━━━━━ Dataset content
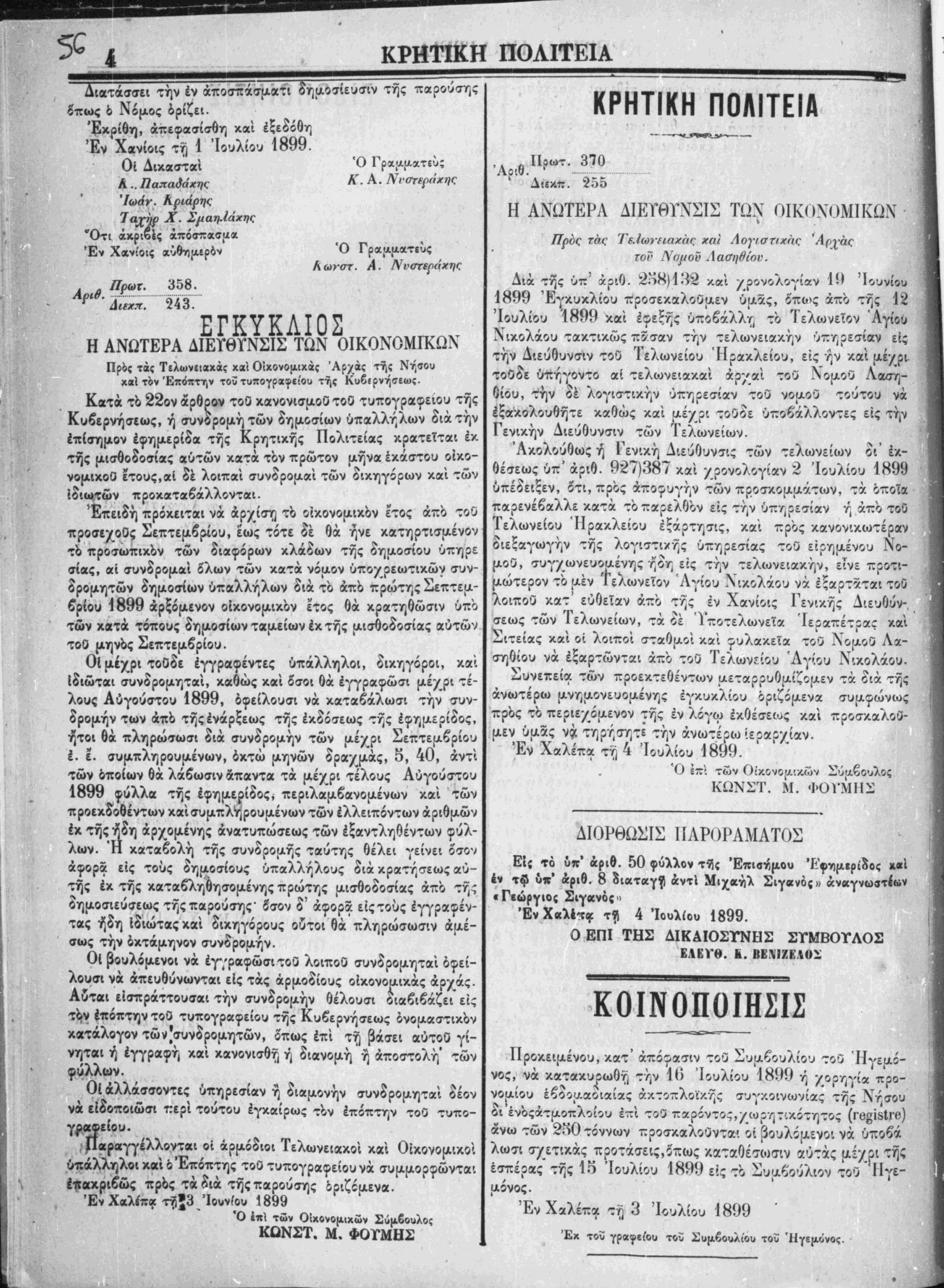1899 φύλλα τής εφημερίδος* περιλαμβανομένων καί των
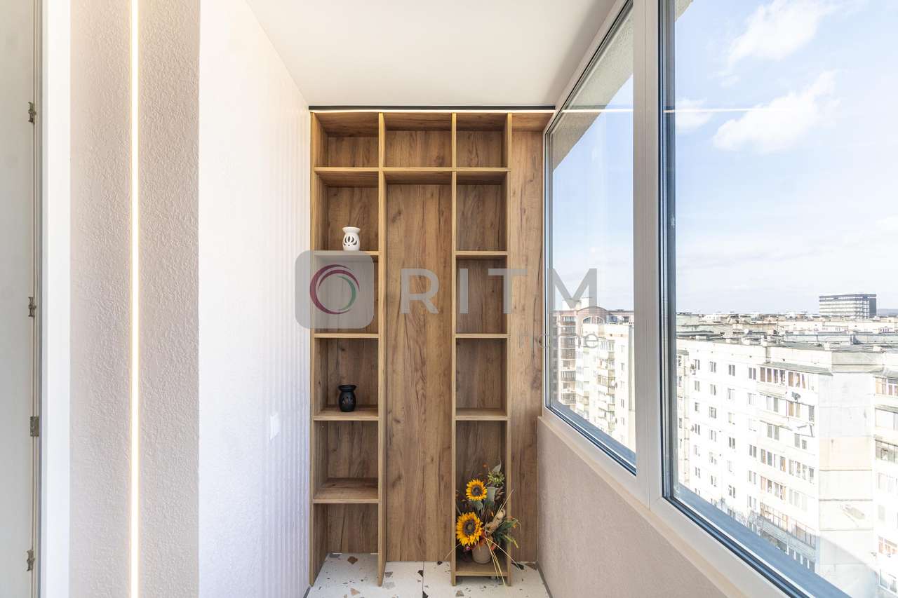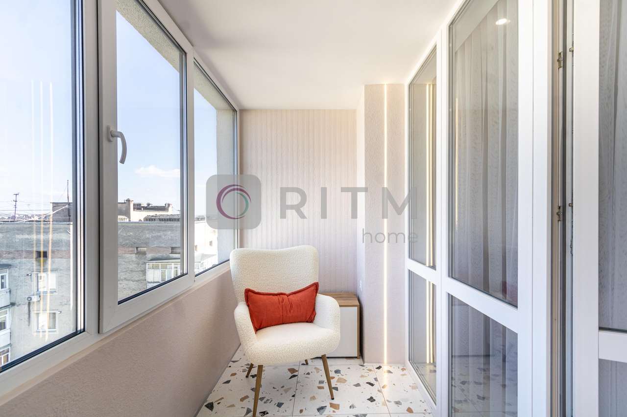 Балкон: засклений, перетворений на додатковий корисний простір (зона відпочинку/зберігання).
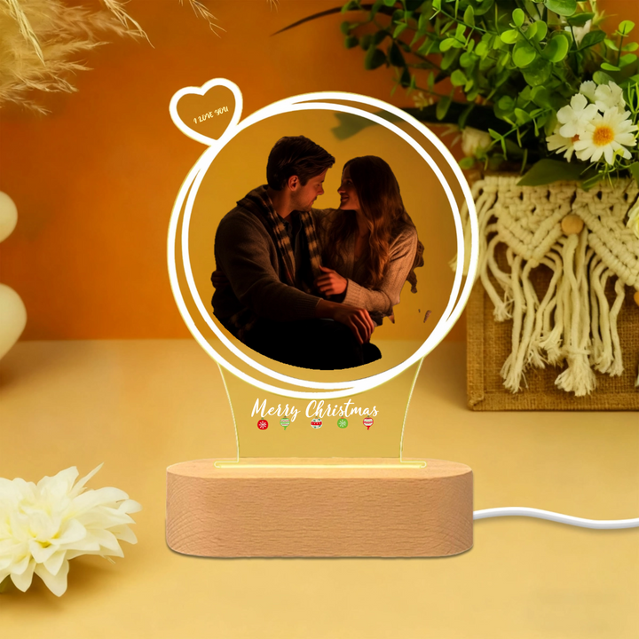 Tags: personalized christmas night light, photo night light, custom holiday decor, merry christmas gift, couple christmas light, family photo night light, holiday bedroom decor, christmas memory light, personalized gift for couples, festive photo display
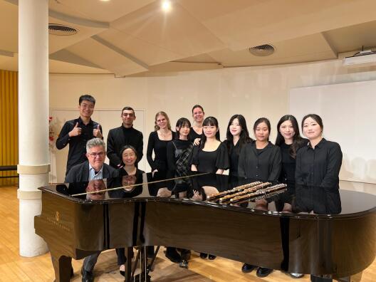 Es werden Kompositionen von Carl Philipp Emanuel Bach, George Enescu, Pierre Sancan, Carl Reinecke, Johann Sebastian Bach, Georges Hüe und Franz Doppler zu hören sein. Es spielen: Xinyue Hu, Elnur Misirli, Yi-Ju Hung, Naria Jeon, Kathrin Haberkern, Shaya Eldar und Hyeyoung Yoon (Flöte), Damiano Pistacchio (Oboe) sowie Clara Teichmüller, Yang-An Lin und Risa Kobayashi (Klavier). Der Eintritt ist frei.
━━━━━━━━━━
■ What needs to be done ■
Would you copy all the material exactly, dropping the pictures?

■ Solution to this problem ■
1899 φύλλα τής εφημερίδος* περιλαμβανομένων καί των
 Балкон: засклений, перетворений на додатковий корисний простір (зона відпочинку/зберігання).
 Tags: personalized christmas night light, photo night light, custom holiday decor, merry christmas gift, couple christmas light, family photo night light, holiday bedroom decor, christmas memory light, personalized gift for couples, festive photo display
 Es werden Kompositionen von Carl Philipp Emanuel Bach, George Enescu, Pierre Sancan, Carl Reinecke, Johann Sebastian Bach, Georges Hüe und Franz Doppler zu hören sein. Es spielen: Xinyue Hu, Elnur Misirli, Yi-Ju Hung, Naria Jeon, Kathrin Haberkern, Shaya Eldar und Hyeyoung Yoon (Flöte), Damiano Pistacchio (Oboe) sowie Clara Teichmüller, Yang-An Lin und Risa Kobayashi (Klavier). Der Eintritt ist frei.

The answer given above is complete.